Healing Kitchari

While staying at the Yoga Institute in Mumbai during my first trip to India some time ago, we were served a yellow, mushy cooked food at each one of our meals. I had no idea what it was – all I knew was that it was totally delicious. This began my love affair with kitchari!

Kitchari means “food of the gods” in Sanskrit. This hearty, one-pot dish is widely eaten in India, especially by sadhus, who leave it to cook while they are meditating. It’s also served in India’s hospitals to children and the elderly since it’s an easy-to-digest nourishment. Therefore this recipe is great for anyone who is recovering from an illness, fatigue, or having digestive problems. It’s excellent for general detox at the change of season (spring and fall). Prized as a nourishing and cleansing complete meal in Ayurveda, it has been a staple in my diet when I’m sick, cleansing, or needing to give my system some serious comfort. Bonus – the house smells incredible after cooking it!

Healing Kitchari Recipe


1 cup split yellow mung dahl beans
1/2 cup long grain white basmati rice
1 Tbsp ghee (I like this brand)
1 Tbsp fresh minced ginger root
1 tsp each: black mustard seeds, cumin seeds, turmeric powder
1/2 tsp each: coriander powder, fennel seeds, sea salt
3 cloves
3 bay leaves
1 inch kombu (seaweed) – optional
6 cups filtered water
1 – 2 cups chopped vegetables – optional (I love carrots, organic zucchini, and/or spinach)

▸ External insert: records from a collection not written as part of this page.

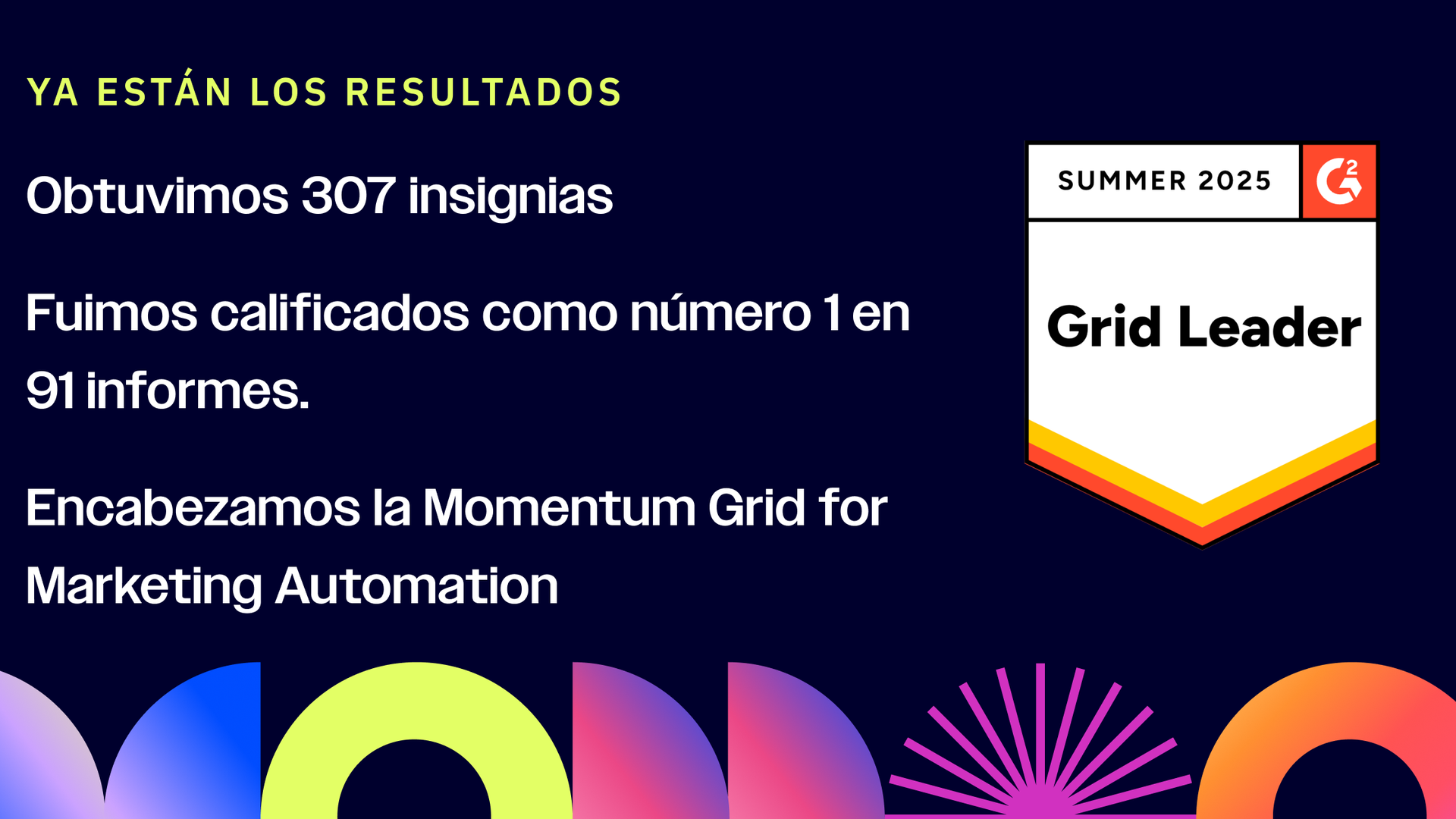 G2 es el mercado de software más grande y confiable del mundo. Más de 100 millones de personas recurren a G2 cada año para tomar decisiones de software más inteligentes, impulsadas por auténticas reseñas de colegas. Estos reconocimientos reflejan las sugerencias y experiencias reales de nuestros clientes, y estamos increíblemente orgullosos de ver que esta satisfacción abarca las herramientas que más les interesan a los profesionales del marketing y equipos en crecimiento.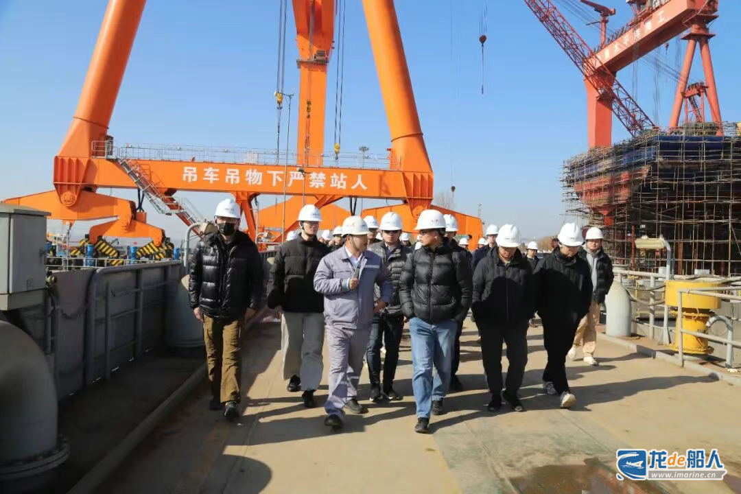 随后,调研团驱车前往西区造船厂,中集太平洋海工拥有3个船台与船坞,可自主进行液化气船与加注船等设计与建造。安环保卫部副部长马钱静先生介绍目前船台、船坞紧密排产,并带领调研团实地考察了20,000立方米LNG加注船及40,000立方米MGC船的在建情况,对其建造进度、技术难点及设计特点等进行了详尽探讨。同时指出,中集太平洋海工目前LNG加注运输船在手订单与交付数量领先全球。此外,产能方面中集太平洋海工与外部合作新增船台提高造船产能,叠加舟山海工燃料罐产线落地,将进一步扩大整体产能。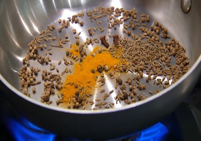 Гвоздику, черный перец, кориандр, зиру и куркуму прогреть на сухой разогретой сковороде, затем пересыпать в другую посуду и остудить.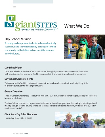 The Day School operates on a year-round calendar, with each program year beginning in mid-August and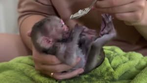 The baby was small enough to fit completely within its mother’s arms, a fragile life wrapped in soft fur and quiet breaths. From the moment it was born, the world felt too large and too cold. Night winds slipped through the forest, leaves whispered endlessly, and danger seemed to hide behind every sound. But in the middle of all that uncertainty, the mother monkey stayed close, holding her baby with a warmth that no cold could fully steal.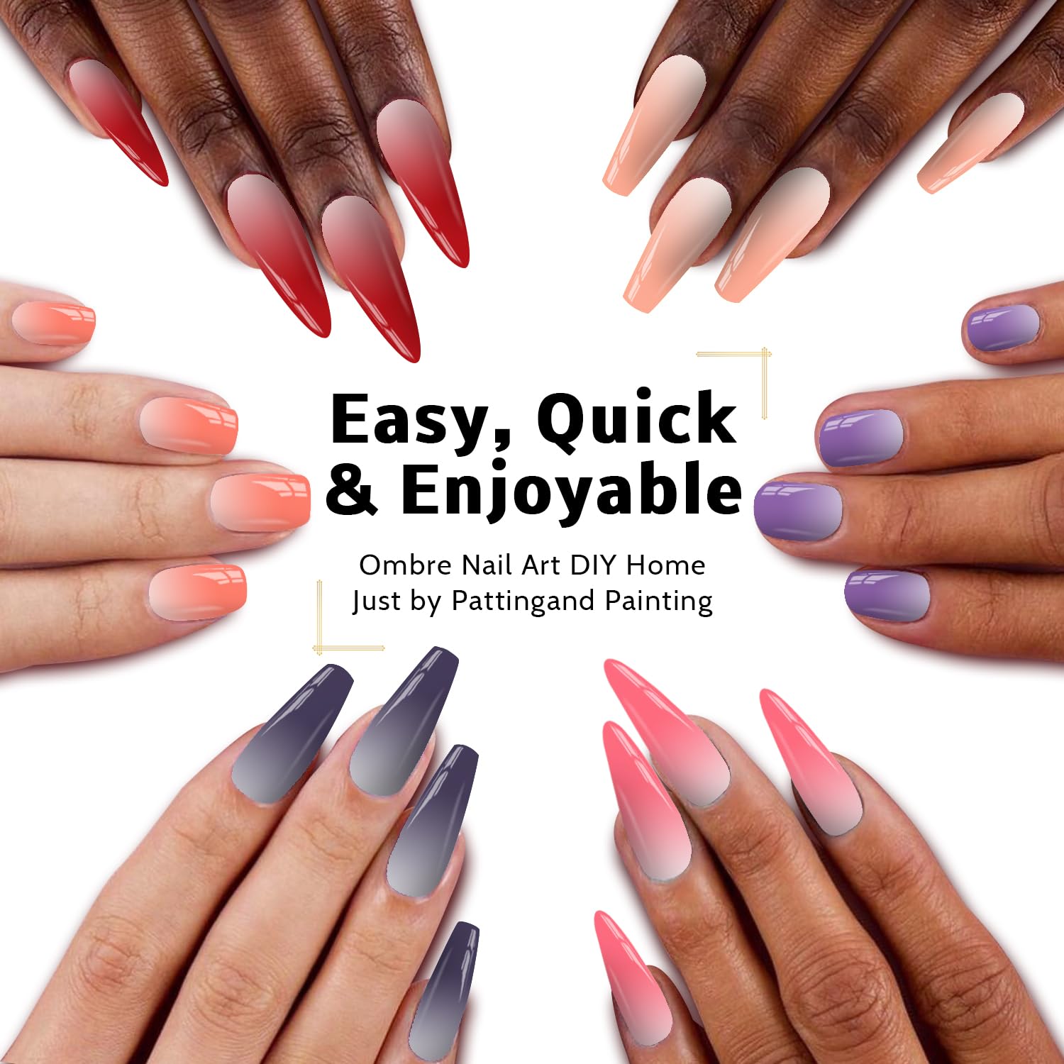 • 【EASY USE:】All steps are the same as normal UV/LED nail gel: 1.Clean and Prep; 2. Base coat and cure. 3. Apply color gel and cure. 4. Top coat and cure. 5. Clean nails and apply oil. Karroy ombre painting nail gel is easy to use: just grabbing a sponge and picking up your desire color, and patting sponge on your nail, you will get wonderful gradient coloring nails!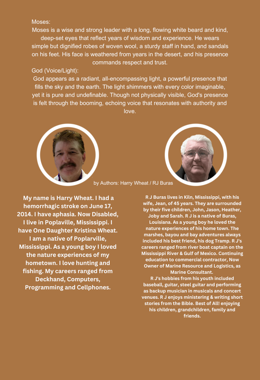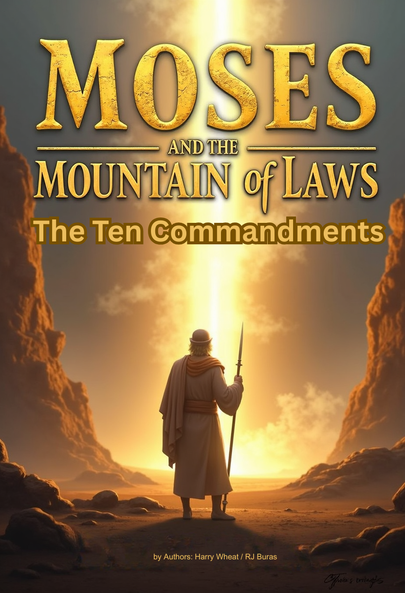 Moses and the Mountain of Law: The Ten Commandments: Moses is a wise and strong leader with a long, flowing white beard and kind, deep-set eyes that reflect years of wisdom and experience. He wears simple but dignified robes of woven wool, a sturdy staff in hand, and sandals on his feet. His face is weathered from years in the desert, and his presence commands respect and trust.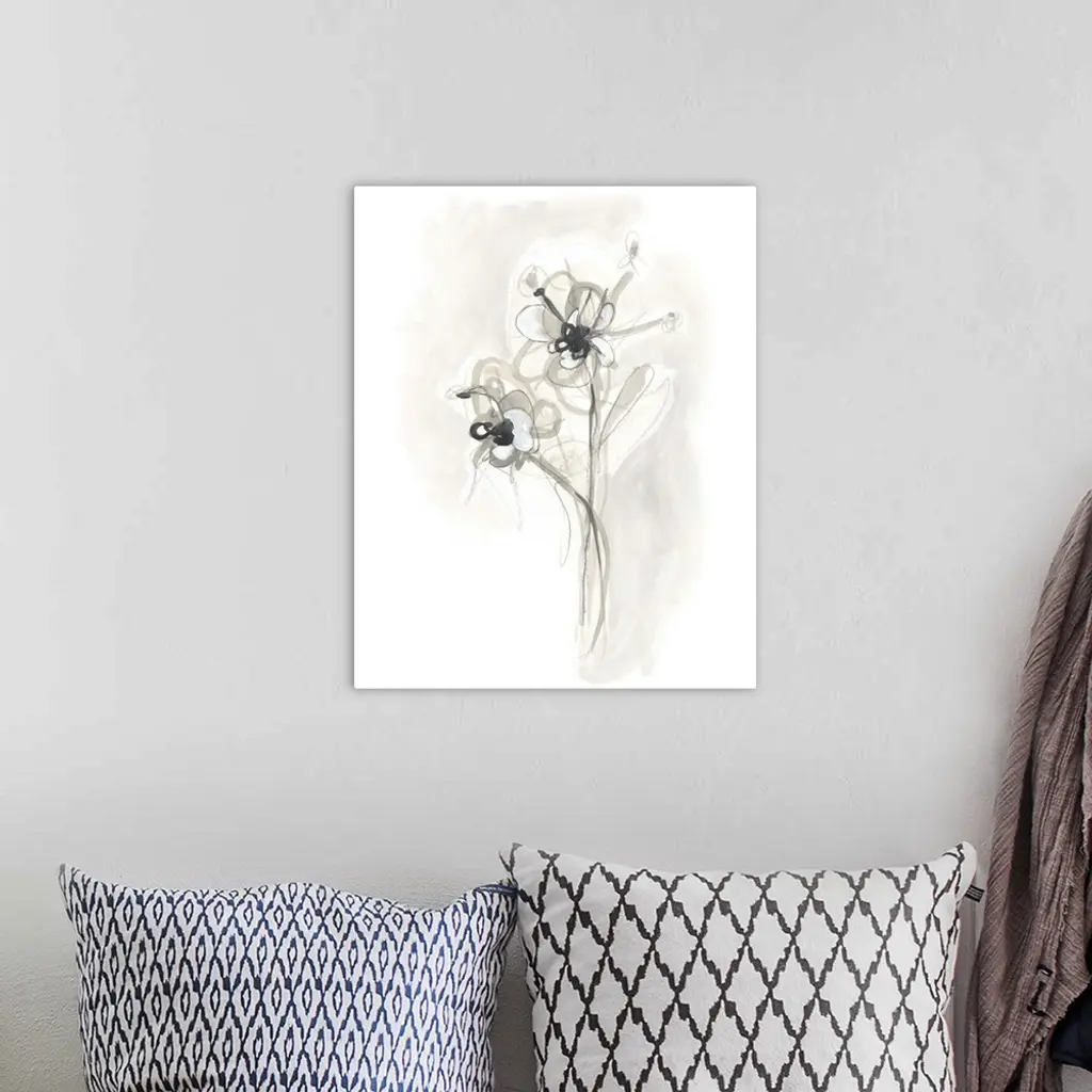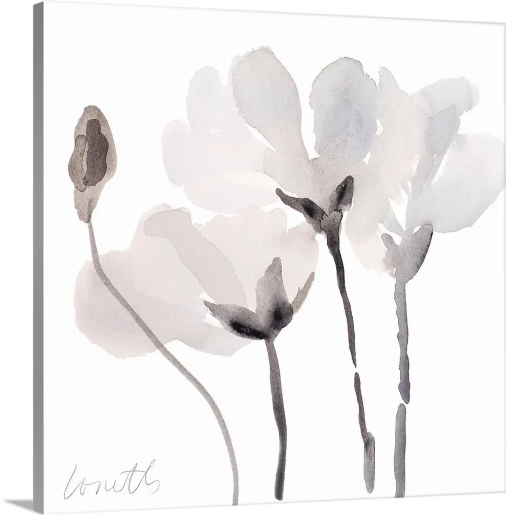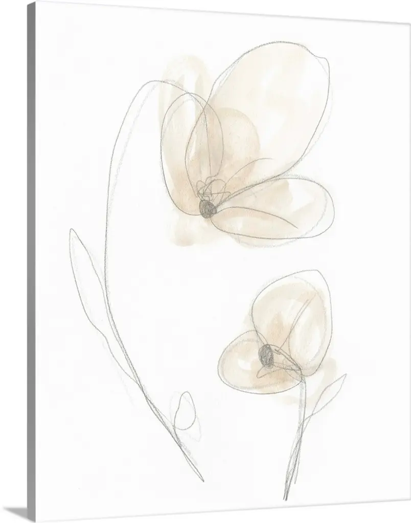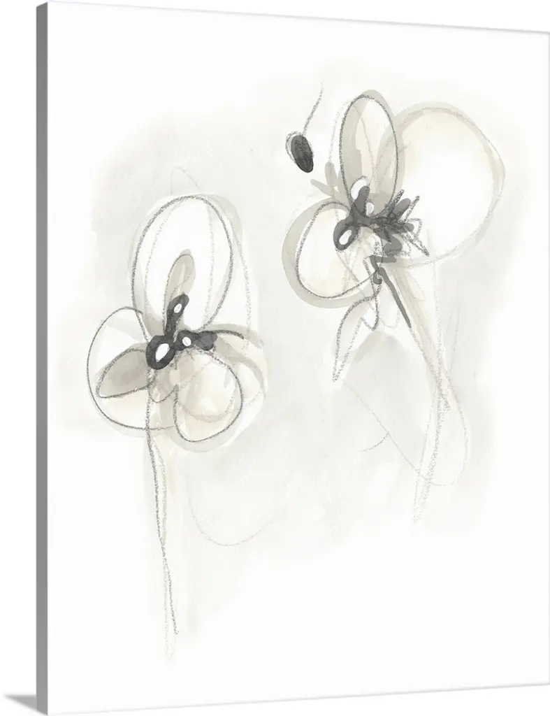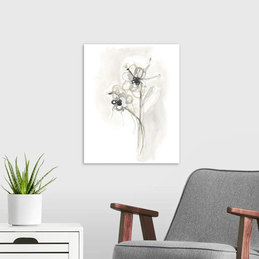 Circular brush strokes construct gestural flowers in neutral tones in this contemporary artwork.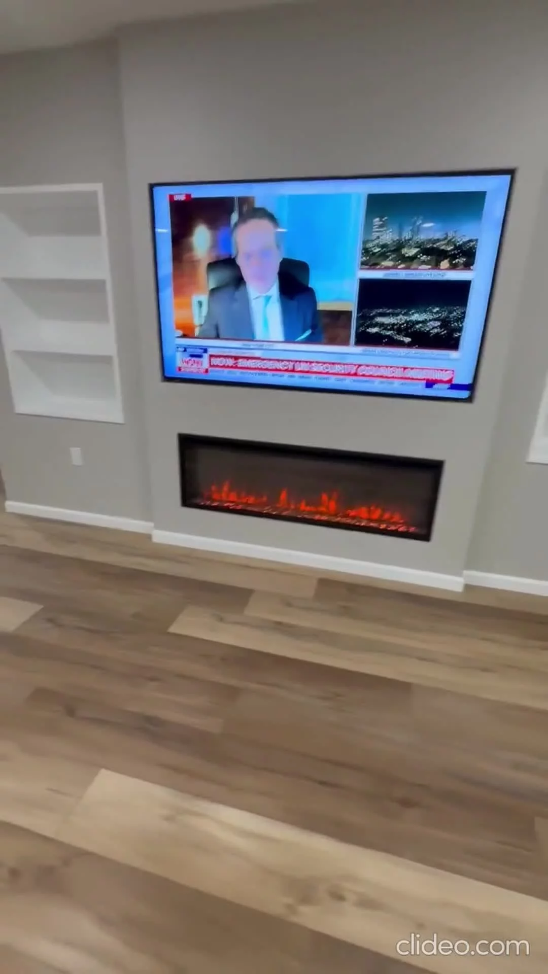 The centerpiece of the basement is a fireplace framed by a custom TV entertainment accent wall, creating a warm and inviting atmosphere perfect for gatherings. The expansive open area offers ample space for entertaining and flexible use, accommodating a variety of furniture arrangements.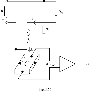 Cāmpul magnetic B este produs de o bobina parcursa de curentul de sarcina i, iar curentul prin sonda iu este proportional cu tensiunea de alimentare u. Daca exista o relatie liniara intre curentul de sarcina i si inductia B, si intre tensiunea u si curentul de comanda iu, se obtine: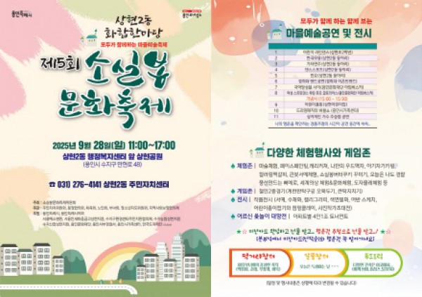용인특례시(시장 이상일)는 가을을 맞아 수지구 곳곳에서 지역 주민을 위한 다채로운 문화 행사가 열린다고 24일 밝혔다. 28일 수지구 상현2동 행정복지센터 상현공원에서는 제5회 소실봉 문화 축제가 개최된다.구는 주민 모두가 함께 즐기며 주민 간 유대감을 높이는 것은 물론 예전 느진재 ‘만현(晩峴)’ 마을의 정서를 되살리고 소실봉 지역 고유의 문화자산을 계승·발전시키기 위해 매년 축제를 개최하고 있다.행사는 기념식을 시…
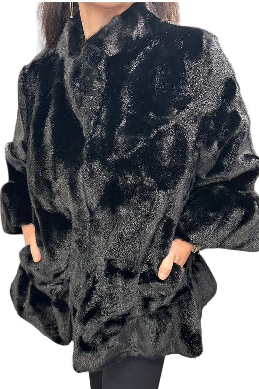 Charizma - Συνθετική Γούνα με Κουκούλα, Τσέπες σε Στυλ Κάπας Μαύρη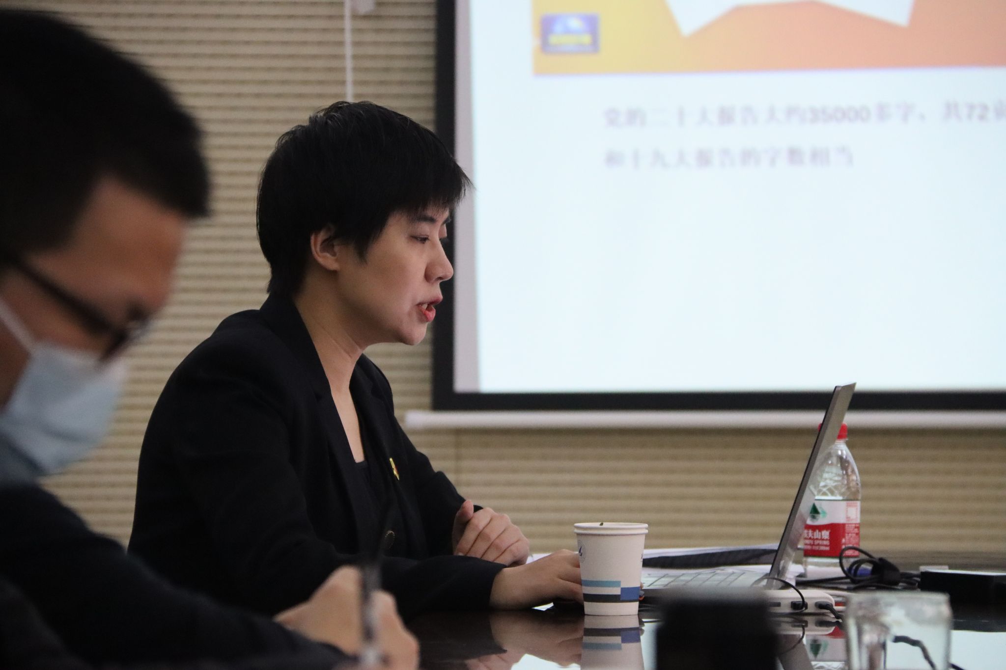 党总支邀请学校党的二十大精神宣讲团成员、马克思主义学院贺苗副教授进行“深入学习党的二十大精神”的宣讲活动。本次宣讲在友谊校区毅字楼218会议室设置主会场、毅字楼205会议室和太仓智汇港设置分会场,学院党总支理论学习中心组成员、党支部书记、全体师生党员通过线上线下结合的形式参加了宣讲会,会议由学院党总支副书记(主持工作)闫伟主持。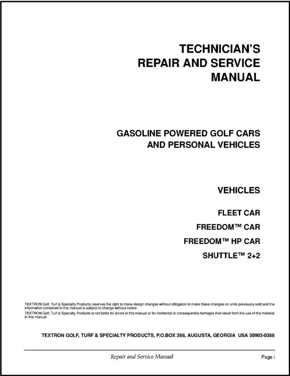 Fits EZGO - 2002-2007 Gas Golf Cart Technical Workshop Repair Manual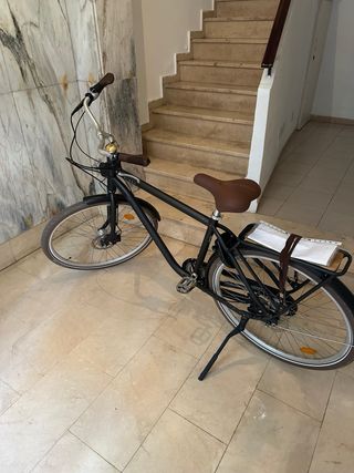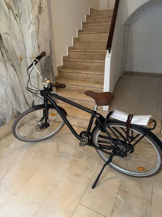 • Bicicleta de paseo/ciudad con cuadro bajo tipo step-through, color negro. • Ruedas grandes con cubiertas lisas para uso urbano y guardabarros delantero y trasero. • Portabultos trasero para alforjas o cesta y pata de cabra estable. • Frenos V-brake, cambio trasero (6 marchas) y timbre en el manillar. • Catadióptricos en ruedas y pedales, luz trasera y sillín cómodo. • Uso ocasional, siempre guardada en interior; funciona todo correctamente.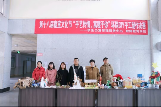 为深入学习宣传贯彻党的十二大精神,增强寝室成员之间的团队凝聚力,调动学生参与环保项目的积极性,由四川文理学院学生公寓中心和外围买球的app十大平台联合举办的“手艺传情,寓寝于你”环保DIY手工制作大赛决赛于2023年3月2日上午在博文楼一楼大厅举行。学生公寓管理中心张磊、外围买球党委副书记王文娟、副教授纪瑞祥,专职辅导员洪双、赵会辉、魏靖、杨文明老师出席此次活动并担任评委。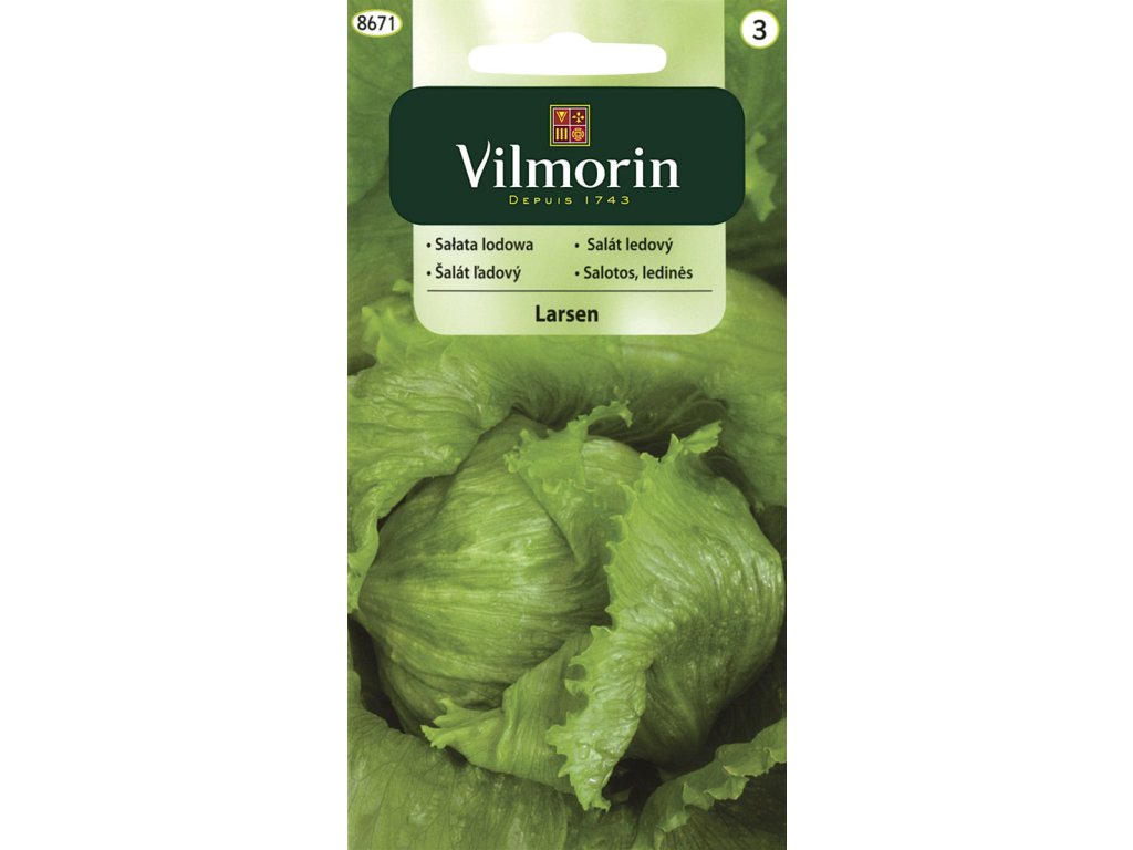 Salát ledový Larsen Vilmorin je poloraná odrůda pro celoroční pěstování v půdě. Vytváří velké, uzavřené, křehké a chutné hlávky. Je odolná vůči vybíhání do květu a proti několika druhům plísni.

Wash rice and split mung beans well.
In a saucepan warm the ghee on medium low heat. Add all spices (except turmeric, bay leaves and kombu) and saute for one-two minutes until the aroma of spices are released.
Add rice and split beans and saute for another 2-4 minutes, mixing well to coat with the spices.
Stir in turmeric, bay leaves and kombu then add 6 cups of water, stir, and bring to a boil.
Reduce heat to a simmer and cover. Cook until rice and beans are tender (approximately 30-45 minutes).
(If you’re adding veggies, stir in the longer-cooking ones like carrots or zucchini sooner than later, and add the leafy greens towards the end.)
Your finished kitchari should be the consistency of a vegetable stew as opposed to a broth. If you need to add more water you always can (this is where I’ll actually add some broth). Taste test to see if it needs a bit more sea salt. Serve with fresh chopped cilantro on top, or blend together the cilantro chutney below and serve with a generous tablespoon of it. Either way, slow down and enjoy this incredibly comforting meal.

Cilantro Chutney Recipe:
1 bunch fresh cilantro
1/4 cup fresh lemon juice
1/4 cup filtered water
1/4 cup shredded coconut
2 tbsp fresh ginger root
1 tsp raw honey
1 tsp sea salt

Directions: Blend ingredients in a blender or small food processor until it’s like a paste. Use a dollop on top of your kitchari. This can be stored in the fridge for up to one week.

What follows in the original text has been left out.